Luyten's Star b

Discovery
- Discovered by: Astudillo-Defru et al., HARPS
- Discovery date: 17 March 2017
- Detection method: Radial velocity

Orbital characteristics
- Semi-major axis: 0.091101+0.000019 −0.000017 AU
- Eccentricity: 0.10+0.09 −0.07
- Orbital period (sidereal): 18.6498+0.0059 −0.0052 d
- Semi-amplitude: 1.61±0.15 m/s
- Star: Luyten's Star

Physical characteristics
- Mass: ≥2.89+0.27 −0.26 M_{🜨}
- Temperature: 259 K (−14 °C; 7 °F)

= Luyten b =

Super-Earth orbiting Luyten's Star

Luyten's Star b (GJ 273 b) is a confirmed exoplanet, likely rocky, orbiting within the habitable zone of the nearby red dwarf Luyten's Star. It is the fourth-closest potentially habitable exoplanet known, at a distance of 12 light-years. Only Proxima Centauri b, Ross 128 b, and GJ 1061 d are closer. Discovered alongside Gliese 273c in June 2017, Luyten b is a super-Earth of around 2.89 times the mass of Earth and receives only 6% more starlight than Earth, making it one of the best candidates for habitability.

==Characteristics==

===Mass, radius, and temperature===

==== Mass and size ====
Luyten b is a super-Earth, meaning that it has a mass and/or radius greater than that of Earth, but less than that of Uranus or Neptune.

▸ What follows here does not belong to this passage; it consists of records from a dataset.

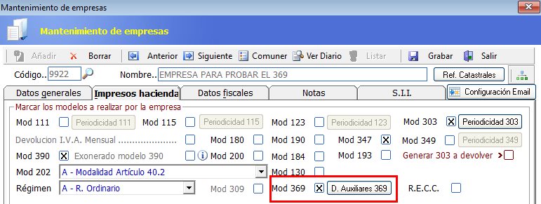 Se ha añadido el modelo 369 a la relación de modelos disponibles dentro del "Mantenimiento de empresas > Impresos Hacienda":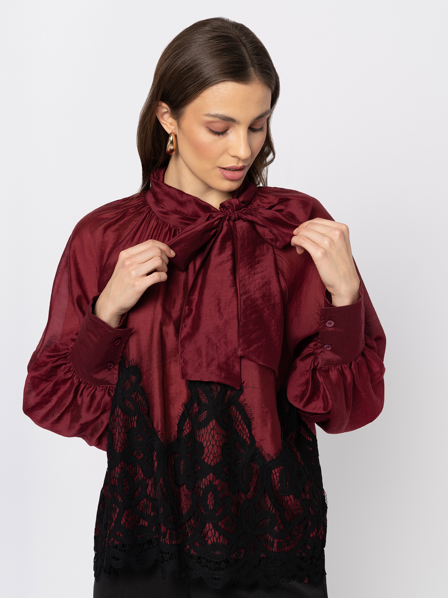Bordowa bluzka z lyocellu z wiązaniem pod szyją zakończona koronką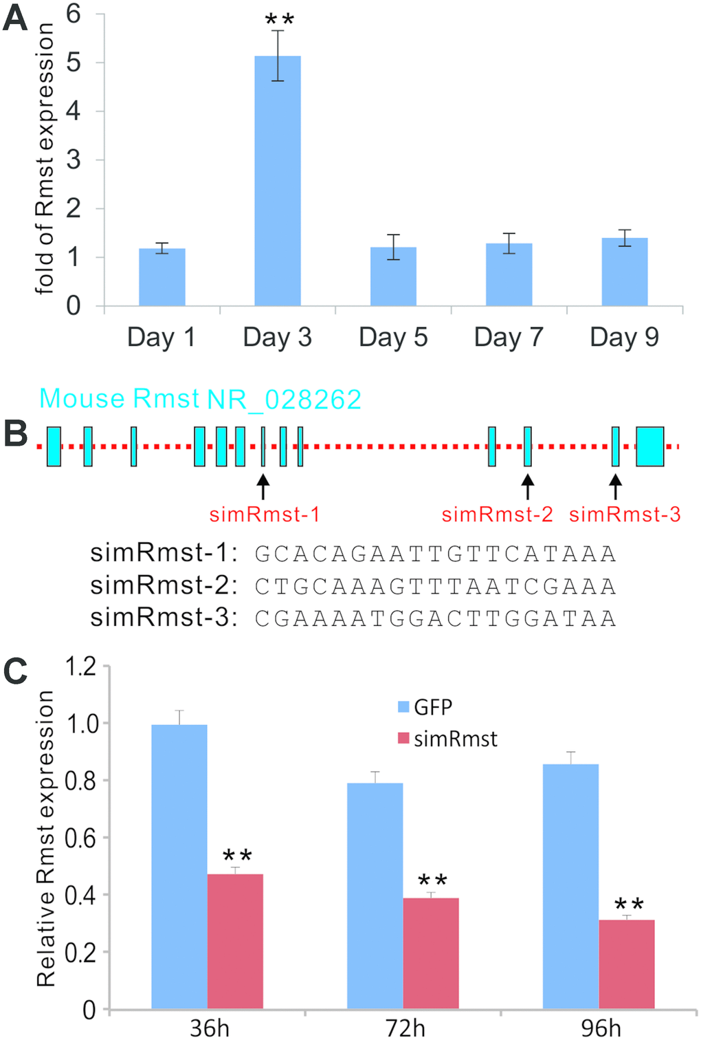 LncRNA Rmst was originally identified as a marker for the developing dopaminergic neurons in mouse [50] and has been shown indispensable for neurogenesis [45, 46]. Recent studies indicate that a trans-spliced tsRMST inhibited human embryonic stem cell differentiation [51], and RMST has been also implicated possessing a tumor suppressor role in triple-negative breast cancers [52, 53]. Thus, the biological functions of lncRNA Rmst remains largely elusive.

Radial velocity measurements shows that the planet has a minimum mass of 2.89 M_{🜨}, placing it at the lower end of the super-Earth range. The planet has not been found to transit its star, and as a result its true mass and radius are not known. Due to its low mass, the planet is likely terrestrial, with a predicted radius of 1.51 R_{🜨}.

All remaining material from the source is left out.